* **The problem**
Retype the entries, please, from their first line to the line containing "圖為胡錦濤夫婦與國際殘奧委會主席克雷文夫婦進(jìn)入宴會現(xiàn)場。", exactly and only those lines, minus the pictures.

* **Records from a collection**
┏━━
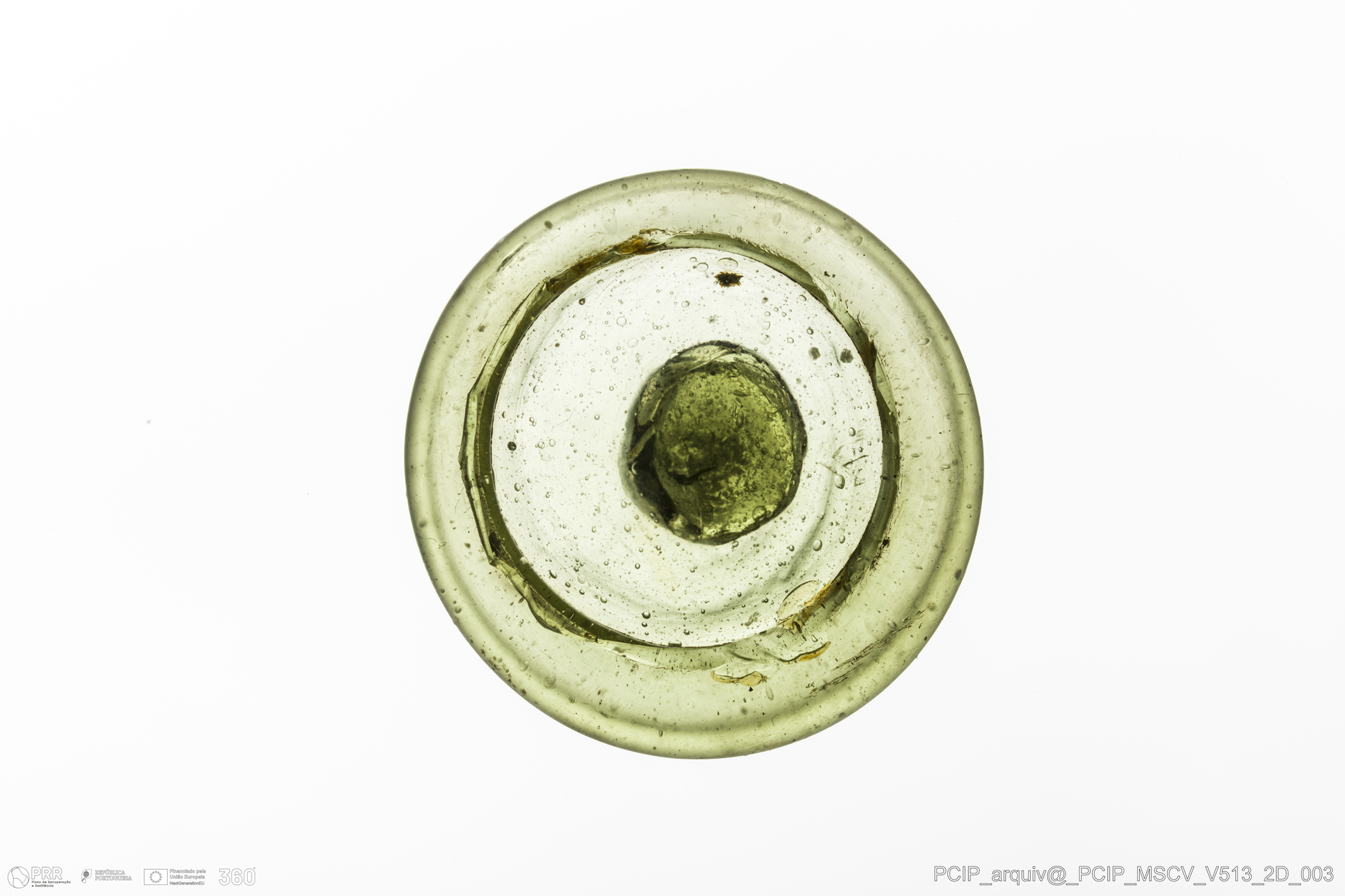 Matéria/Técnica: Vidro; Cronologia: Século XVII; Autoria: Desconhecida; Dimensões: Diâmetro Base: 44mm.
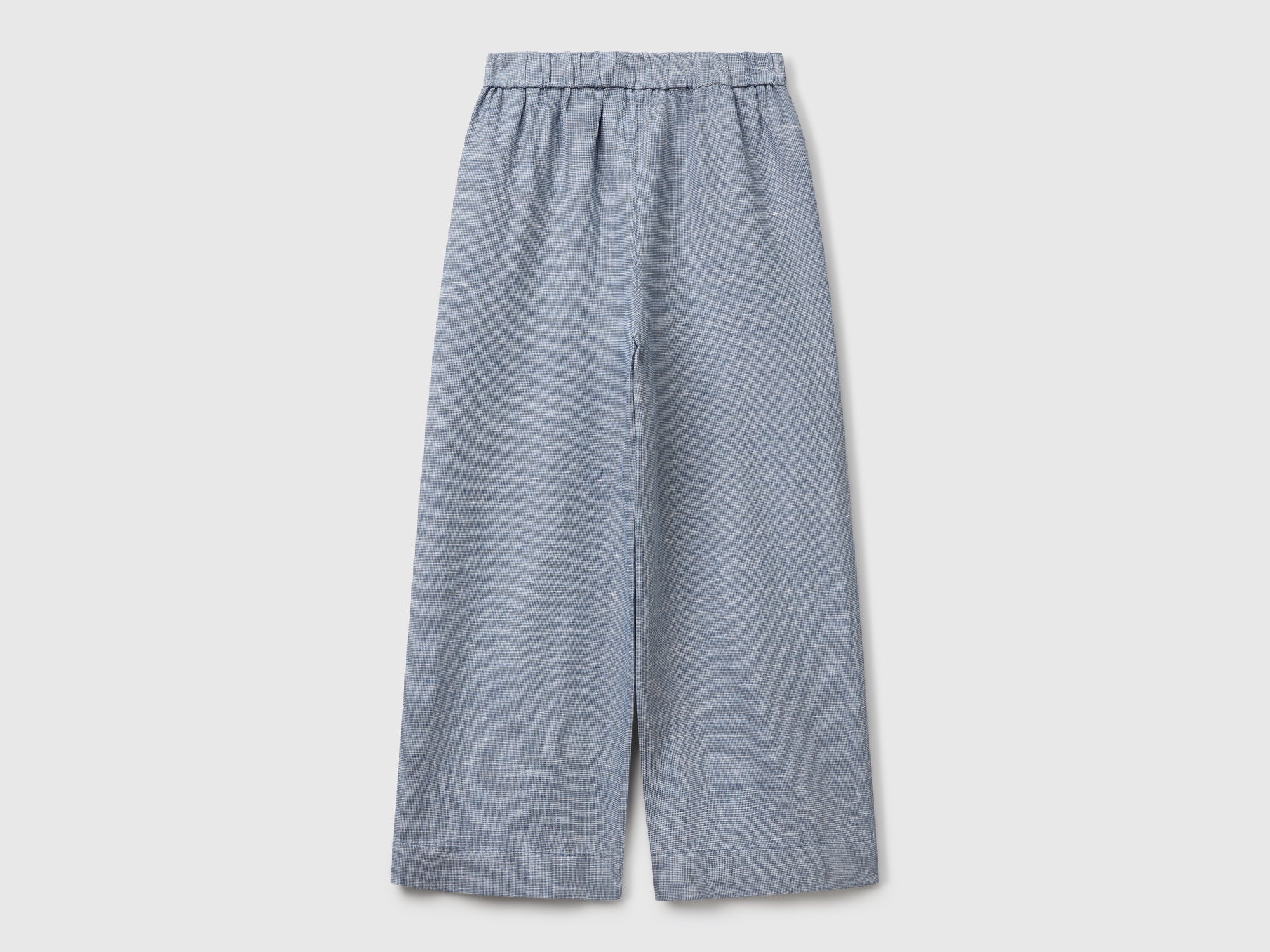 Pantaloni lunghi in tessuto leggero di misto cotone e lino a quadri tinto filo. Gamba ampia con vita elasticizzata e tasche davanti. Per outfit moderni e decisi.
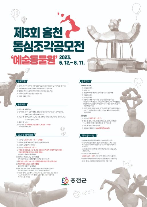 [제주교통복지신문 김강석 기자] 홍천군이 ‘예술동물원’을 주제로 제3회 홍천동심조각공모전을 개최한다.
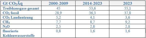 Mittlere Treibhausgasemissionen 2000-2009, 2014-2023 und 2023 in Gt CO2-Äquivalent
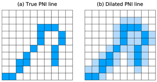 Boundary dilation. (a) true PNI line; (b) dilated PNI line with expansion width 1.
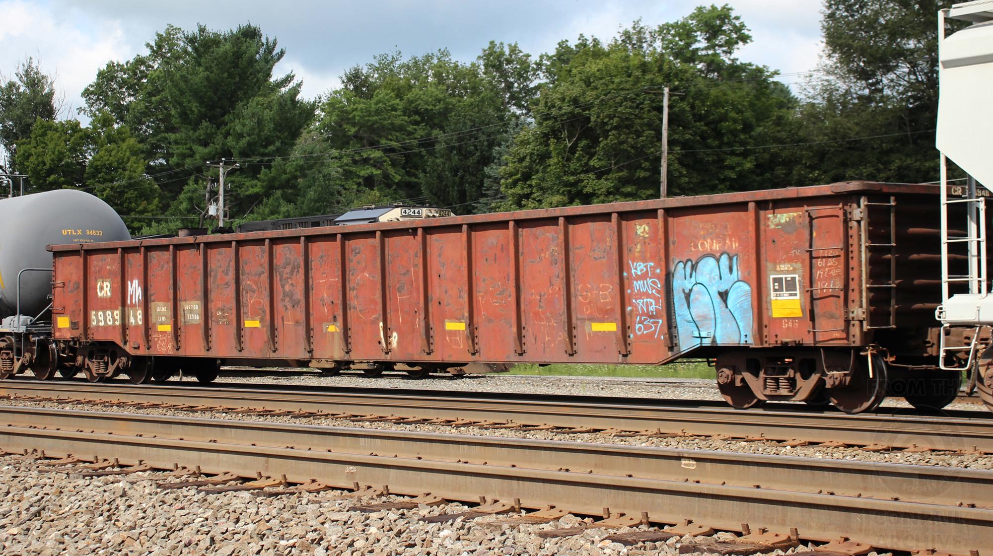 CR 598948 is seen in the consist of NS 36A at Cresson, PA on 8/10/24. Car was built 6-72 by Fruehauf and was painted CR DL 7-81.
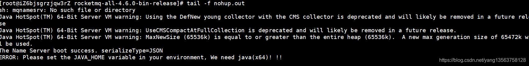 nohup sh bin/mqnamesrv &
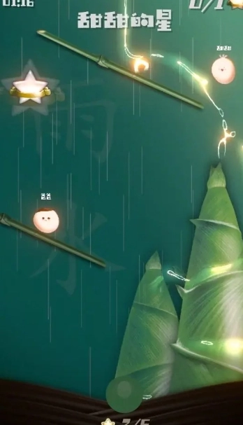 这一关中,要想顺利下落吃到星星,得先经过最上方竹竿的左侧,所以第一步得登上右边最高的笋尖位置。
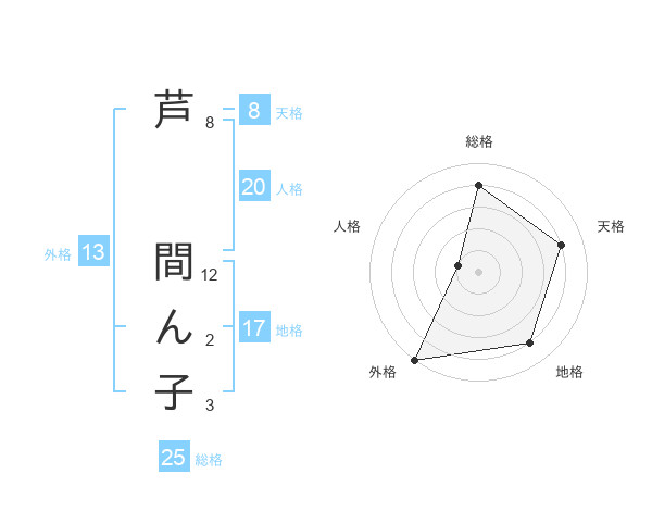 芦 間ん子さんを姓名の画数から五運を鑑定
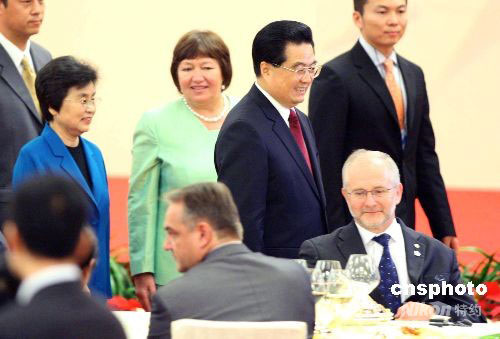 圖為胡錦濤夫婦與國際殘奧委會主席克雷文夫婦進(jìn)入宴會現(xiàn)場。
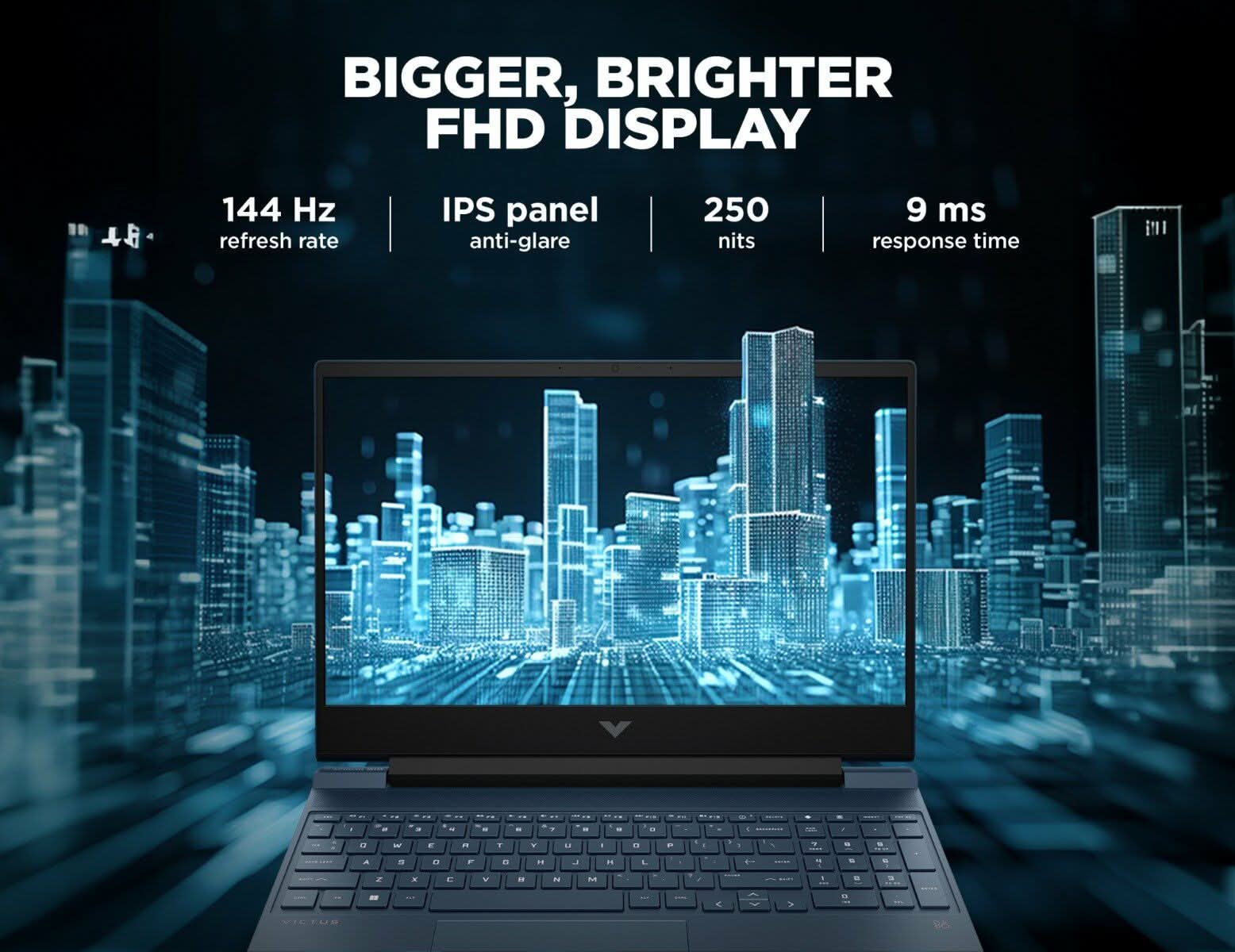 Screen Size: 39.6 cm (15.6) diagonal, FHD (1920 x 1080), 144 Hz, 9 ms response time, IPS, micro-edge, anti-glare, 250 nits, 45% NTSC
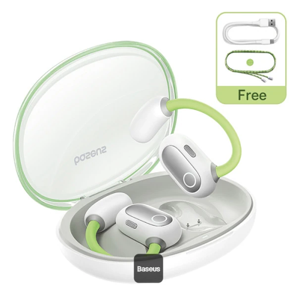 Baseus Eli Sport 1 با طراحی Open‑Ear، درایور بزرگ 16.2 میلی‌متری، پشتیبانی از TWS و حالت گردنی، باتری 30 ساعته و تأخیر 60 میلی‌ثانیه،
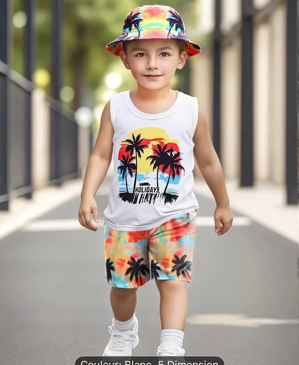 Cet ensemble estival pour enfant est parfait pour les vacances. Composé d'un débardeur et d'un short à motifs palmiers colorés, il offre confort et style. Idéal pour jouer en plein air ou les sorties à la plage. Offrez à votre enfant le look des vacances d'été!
┗━━
* **Exercise output**
 Matéria/Técnica: Vidro; Cronologia: Século XVII; Autoria: Desconhecida; Dimensões: Diâmetro Base: 44mm.
 Pantaloni lunghi in tessuto leggero di misto cotone e lino a quadri tinto filo. Gamba ampia con vita elasticizzata e tasche davanti. Per outfit moderni e decisi.
 [제주교통복지신문 김강석 기자] 홍천군이 ‘예술동물원’을 주제로 제3회 홍천동심조각공모전을 개최한다.
 Mittlere Treibhausgasemissionen 2000-2009, 2014-2023 und 2023 in Gt CO2-Äquivalent
 Boundary dilation. (a) true PNI line; (b) dilated PNI line with expansion width 1.
 CR 598948 is seen in the consist of NS 36A at Cresson, PA on 8/10/24. Car was built 6-72 by Fruehauf and was painted CR DL 7-81.
 nohup sh bin/mqnamesrv &
 这一关中,要想顺利下落吃到星星,得先经过最上方竹竿的左侧,所以第一步得登上右边最高的笋尖位置。
 芦 間ん子さんを姓名の画数から五運を鑑定
 圖為胡錦濤夫婦與國際殘奧委會主席克雷文夫婦進(jìn)入宴會現(xiàn)場。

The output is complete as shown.